▶ Data:
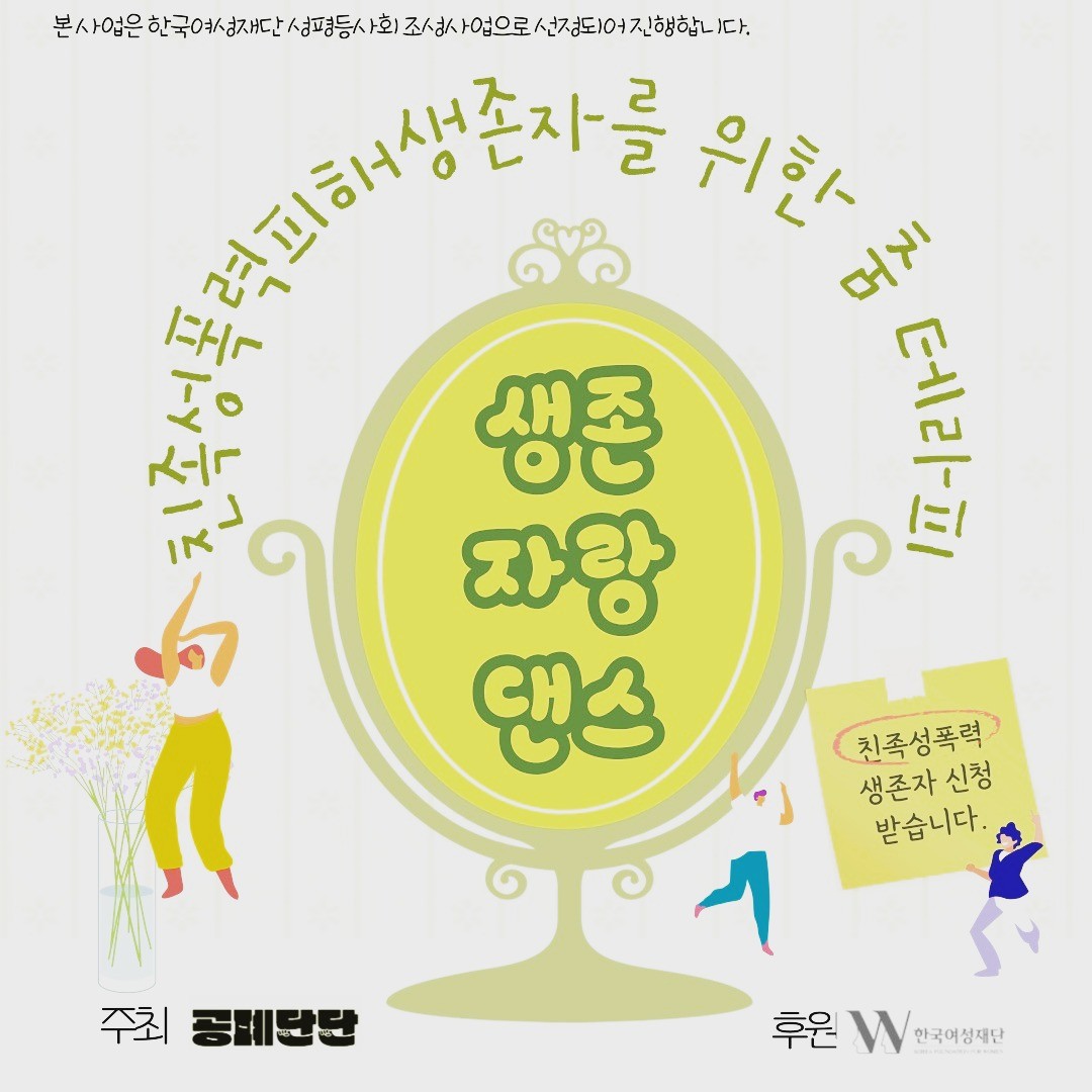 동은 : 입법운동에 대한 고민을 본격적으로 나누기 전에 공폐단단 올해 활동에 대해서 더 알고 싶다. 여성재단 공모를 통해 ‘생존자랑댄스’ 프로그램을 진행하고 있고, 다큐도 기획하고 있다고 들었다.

* * *

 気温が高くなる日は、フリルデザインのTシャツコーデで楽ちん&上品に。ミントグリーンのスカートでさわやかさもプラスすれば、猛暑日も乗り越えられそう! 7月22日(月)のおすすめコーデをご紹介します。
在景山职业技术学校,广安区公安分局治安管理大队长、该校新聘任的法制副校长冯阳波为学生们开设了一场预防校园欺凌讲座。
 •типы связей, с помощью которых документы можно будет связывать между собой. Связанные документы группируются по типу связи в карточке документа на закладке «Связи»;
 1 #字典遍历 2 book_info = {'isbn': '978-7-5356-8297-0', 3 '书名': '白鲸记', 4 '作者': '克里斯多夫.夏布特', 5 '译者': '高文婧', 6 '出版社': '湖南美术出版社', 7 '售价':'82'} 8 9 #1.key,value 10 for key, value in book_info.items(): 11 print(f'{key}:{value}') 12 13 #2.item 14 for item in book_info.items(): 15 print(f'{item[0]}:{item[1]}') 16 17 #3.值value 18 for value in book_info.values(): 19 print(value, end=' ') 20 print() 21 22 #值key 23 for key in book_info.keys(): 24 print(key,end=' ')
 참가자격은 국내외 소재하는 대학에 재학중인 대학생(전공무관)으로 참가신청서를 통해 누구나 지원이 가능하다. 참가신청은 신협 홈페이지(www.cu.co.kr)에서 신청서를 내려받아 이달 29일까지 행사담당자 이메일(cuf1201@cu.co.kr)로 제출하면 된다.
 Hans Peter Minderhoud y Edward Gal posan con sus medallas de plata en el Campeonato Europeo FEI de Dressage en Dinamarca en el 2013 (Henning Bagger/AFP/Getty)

▶ Work required:
From the entries above, write out only the lines starting at the line that holds "在景山职业技术学校,广安区公" and ending at the line that holds "Hans Peter Minderhoud", keeping both and matching them exactly.

▶ Solved exercise:
在景山职业技术学校,广安区公安分局治安管理大队长、该校新聘任的法制副校长冯阳波为学生们开设了一场预防校园欺凌讲座。
 •типы связей, с помощью которых документы можно будет связывать между собой. Связанные документы группируются по типу связи в карточке документа на закладке «Связи»;
 1 #字典遍历 2 book_info = {'isbn': '978-7-5356-8297-0', 3 '书名': '白鲸记', 4 '作者': '克里斯多夫.夏布特', 5 '译者': '高文婧', 6 '出版社': '湖南美术出版社', 7 '售价':'82'} 8 9 #1.key,value 10 for key, value in book_info.items(): 11 print(f'{key}:{value}') 12 13 #2.item 14 for item in book_info.items(): 15 print(f'{item[0]}:{item[1]}') 16 17 #3.值value 18 for value in book_info.values(): 19 print(value, end=' ') 20 print() 21 22 #值key 23 for key in book_info.keys(): 24 print(key,end=' ')
 참가자격은 국내외 소재하는 대학에 재학중인 대학생(전공무관)으로 참가신청서를 통해 누구나 지원이 가능하다. 참가신청은 신협 홈페이지(www.cu.co.kr)에서 신청서를 내려받아 이달 29일까지 행사담당자 이메일(cuf1201@cu.co.kr)로 제출하면 된다.
 Hans Peter Minderhoud y Edward Gal posan con sus medallas de plata en el Campeonato Europeo FEI de Dressage en Dinamarca en el 2013 (Henning Bagger/AFP/Getty)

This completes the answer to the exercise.